La fermeture de La Coupe au livre survient après que les propriétaires eurent tenté, en vain, de vendre leur commerce. Depuis plusieurs mois, il était de notoriété publique que le bar à vin et sa section librairie étaient en vente.
Le propriétaire, Jean-Pierre Tremblay, a préféré ne pas répondre aux questions du Nouvelliste hier. «C'est une fermeture, purement et simplement. Nous sommes en train de liquider l'inventaire et c'est tout ce qu'on peut dire», a-t-il simplement indiqué hier.
Au cours des dernières années, plusieurs changements avaient été tentés pour réduire les pertes de l'établissement. La Coupe au livre fonctionnait à heures réduites, avec un personnel limité.
De la Coupe au livre avait ouvert ses portes en novembre 2006 au 125 des Forges, occupant le rez-de-chaussée d'un immeuble appartenant à Olymbec. Rapidement, l'établissement est devenu un point d'intérêt au centre-ville, attirant l'attention de nombreux touristes par son caractère contemporain, design et original.
Les propriétaires Jean-Pierre Tremblay et Sylvie Dessureault, de la Librairie Clément Morin, avaient investi près d'un million de dollars pour aménager ce commerce hors du commun. Dix-sept emplois avaient été créés lors de son ouverture.

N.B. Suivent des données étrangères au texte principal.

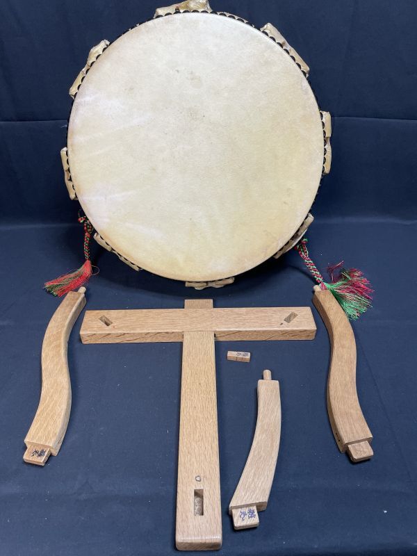 > 【現状品】和太鼓 直径36cm 岡田屋布施 平太鼓 猫足ブショウ台 ケース付属 欅 和楽器 打楽器 伝統 お囃子 お祭り 能楽 歌舞伎 1059005
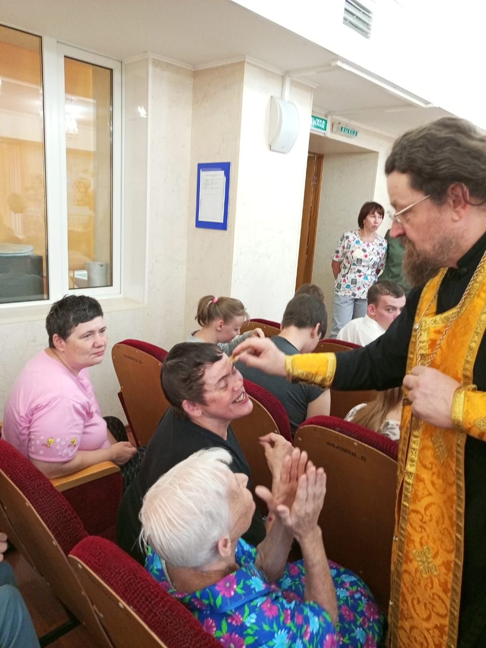 Отец Вадим вознёс молитву, помазал детей и работников учреждения святым елеем, после чего произнёс пастырское слово. Всем присутствующим были вручены подарки.
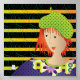 Original digital art featuring a woman wearing a jaunty green beret. Add a frame for a designer look. Select from 4 designs. Combine 2 or more to create a striking display.
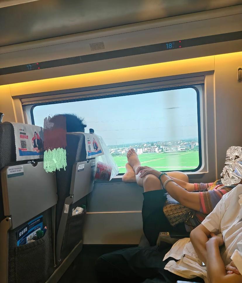这大姐把高铁当家了,从上车就开始脱掉鞋子放在窗户上,周边的人都被熏的快吐了,在家

Souvent mentionné dans les articles ou les chroniques à saveur touristique comme étant un endroit unique et à découvrir à Trois-Rivières, De la Coupe au livre a plusieurs fois servi de lieu de diffusion pour des émissions spéciales de Radio-Canada ou d'endroit privilégié pour des concerts, des lancements, des événements culturels. Le Festival international de la poésie et le FestiVoix, entre autres, y tenaient de nombreuses activités.
Pour la Société de développement commercial de Trois-Rivières, la fermeture de La Coupe au livre est évidemment une perte importante.
«C'est certain qu'on est déçu. La Coupe au livre, c'était un nouveau concept, c'était original. On ne retrouvait pas ça ailleurs au Québec quand ç'a ouvert. Aujourd'hui, il y a un constat d'échec et on vit ça durement», note la directrice générale de la SDC Trois-Rivières, Catherine Raymond.
Celle-ci croit que le fait que ce commerce s'adressait à une clientèle plus restreinte n'a probablement pas aidé.
«Je sais que les propriétaires ont fait de gros efforts pour bien se tirer d'affaire et c'est ça qui est dommage. Ils avaient investi des sommes importantes pour donner un cachet à leur commerce», ajoute Mme Raymond.
La fermeture de La Coupe au livre ne semble pas, selon elle, être symptomatique d'une problématique inquiétante au centre-ville. Il existe d'autres concepts uniques et originaux comme le café-fleuriste Illico ou les boutiques Lounge et Océan. «Ces établissements-là ont aussi des clientèles ciblées et ils s'en sortent bien», note-t-elle.
L'espace occupé par De la Coupe au livre - environ 5400 pieds carrés - pourrait bien attirer d'autres commerçants intéressés à s'installer au centre-ville, estime Mme Raymond.
«On a des demandes et on va s'assurer de s'asseoir avec Olymbec pour voir leurs critères et s'assurer qu'on tire dans la même direction», conclut-elle.